In the copy, keep every line below as it is and leave out the pictures.

--- START ---

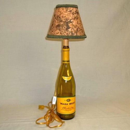 Just for fun! This is a modern wine bottle converted to a lamp. It has an in-line on/off switch and clip-on shade. This would be perfect for a bar area, rec room, kitchen, or wherever a conversation piece is needed! Measures 18 1/4″ high by 6″ across bottom of shade. Newly wired.
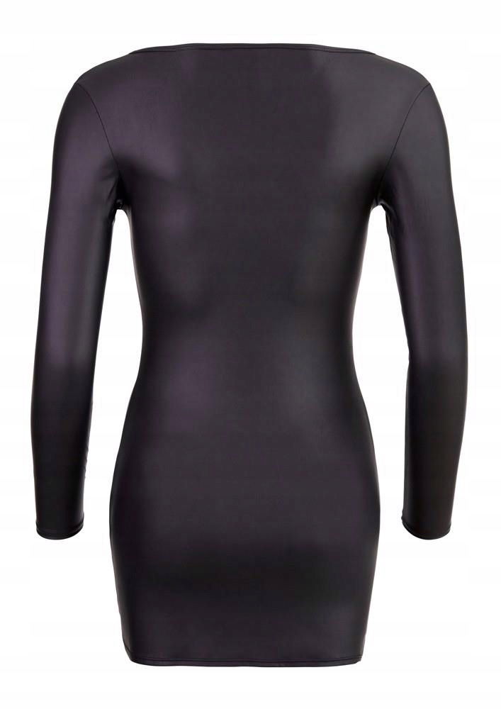 Czarna krótka sukienka Cottelli PARTY z długim rękawem zachwyca obcisłym krojem, który podkreśla kobiece krągłości w zgrabny i ekscytujący sposób, jak również dużym dekoltem i błyszczącym brokatowym zamkiem błyskawicznym z przodu.
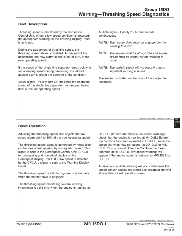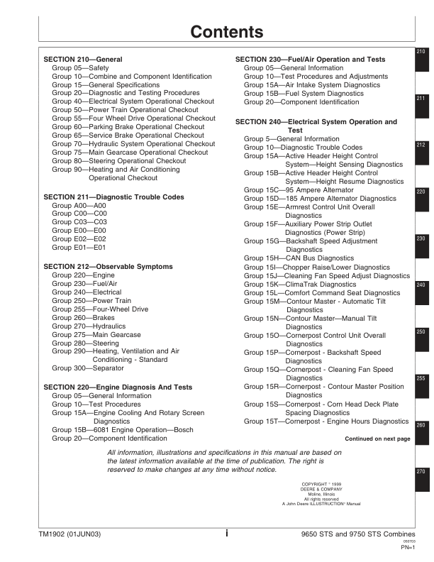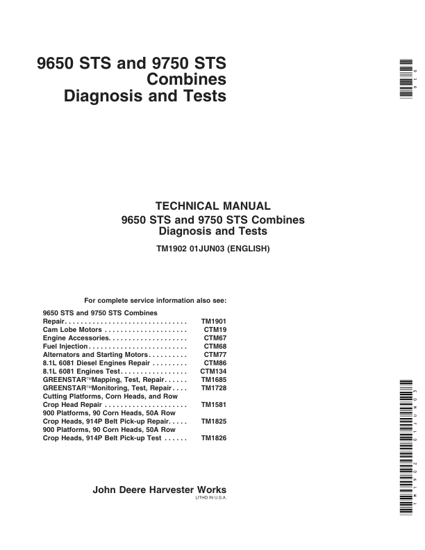 John Deere 9650 STS 9750 STS Combines Diagnosis and Tests
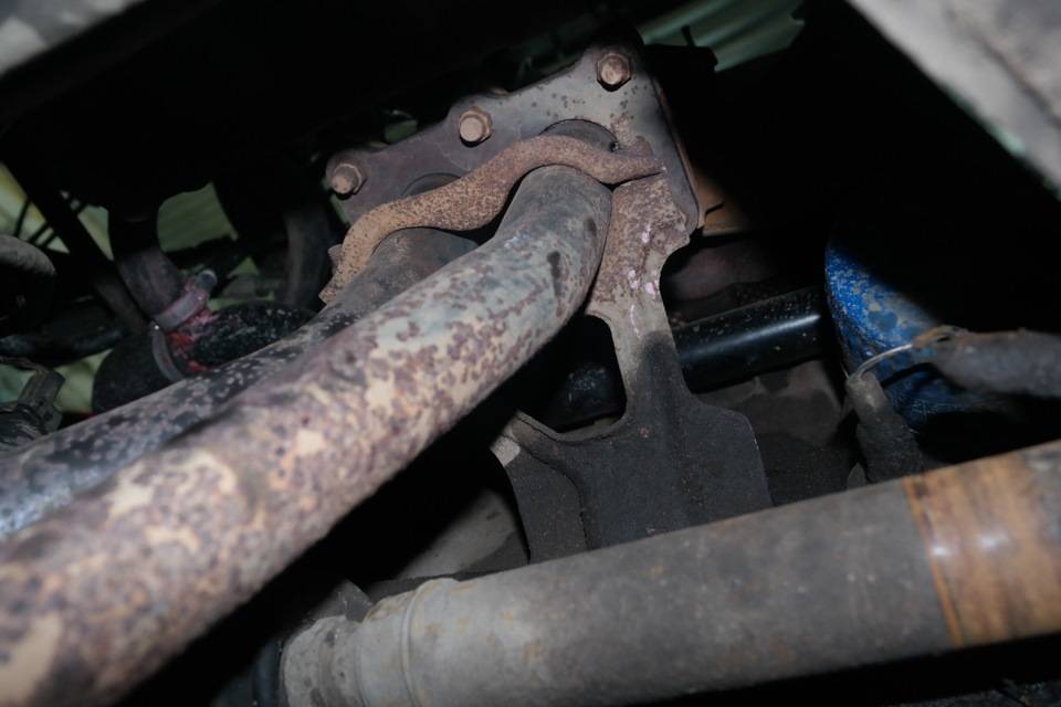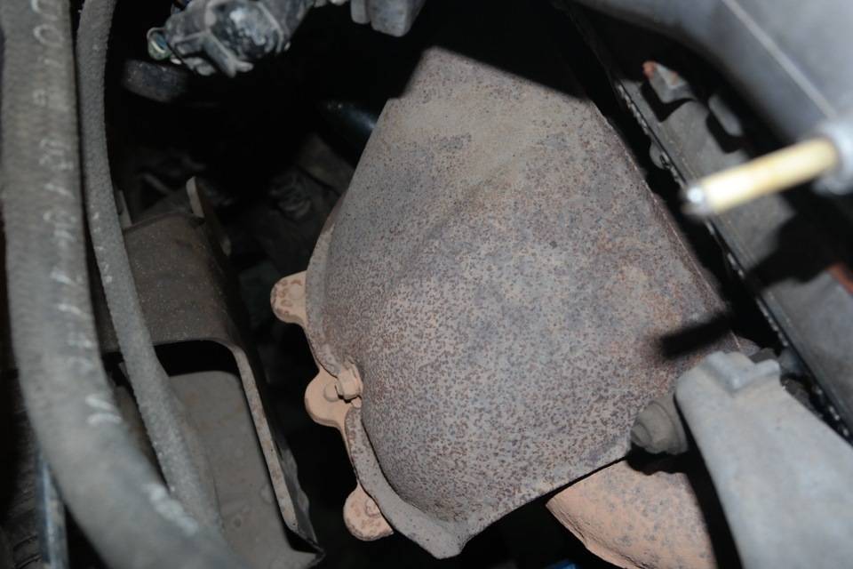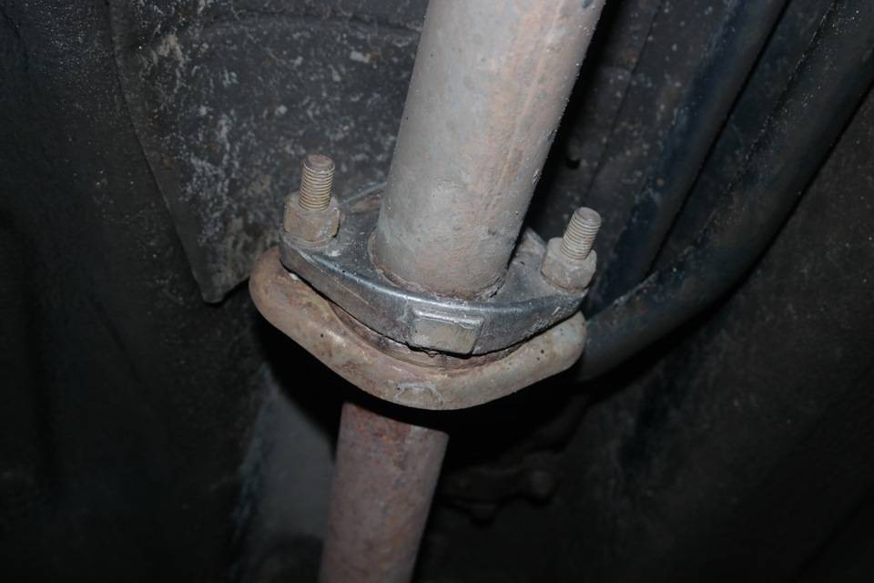 - Внизу выхлопной коллектор крепится к трубе отвода выхлопных газов. Дальше она соединена с выхлопной трубой. Открутить три болта, отсоединить трубу. Удалить коллектор. Откручивать их надо со смотровой ямы, предварительно обстучать головки. Щеткой по металлу очистить гайки и резьбу.
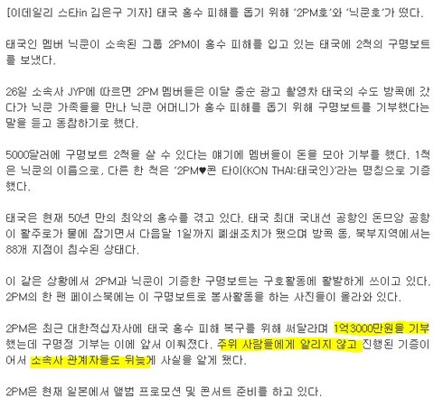 JYP도 모르게 기부했다네요 ,,,하하.... 돈 이렇게 잘벌줄 몰랐지요ㅠㅠ...

--- END ---

Solution to the problem:
 Just for fun! This is a modern wine bottle converted to a lamp. It has an in-line on/off switch and clip-on shade. This would be perfect for a bar area, rec room, kitchen, or wherever a conversation piece is needed! Measures 18 1/4″ high by 6″ across bottom of shade. Newly wired.
 Czarna krótka sukienka Cottelli PARTY z długim rękawem zachwyca obcisłym krojem, który podkreśla kobiece krągłości w zgrabny i ekscytujący sposób, jak również dużym dekoltem i błyszczącym brokatowym zamkiem błyskawicznym z przodu.
 John Deere 9650 STS 9750 STS Combines Diagnosis and Tests
 - Внизу выхлопной коллектор крепится к трубе отвода выхлопных газов. Дальше она соединена с выхлопной трубой. Открутить три болта, отсоединить трубу. Удалить коллектор. Откручивать их надо со смотровой ямы, предварительно обстучать головки. Щеткой по металлу очистить гайки и резьбу.
 JYP도 모르게 기부했다네요 ,,,하하.... 돈 이렇게 잘벌줄 몰랐지요ㅠㅠ...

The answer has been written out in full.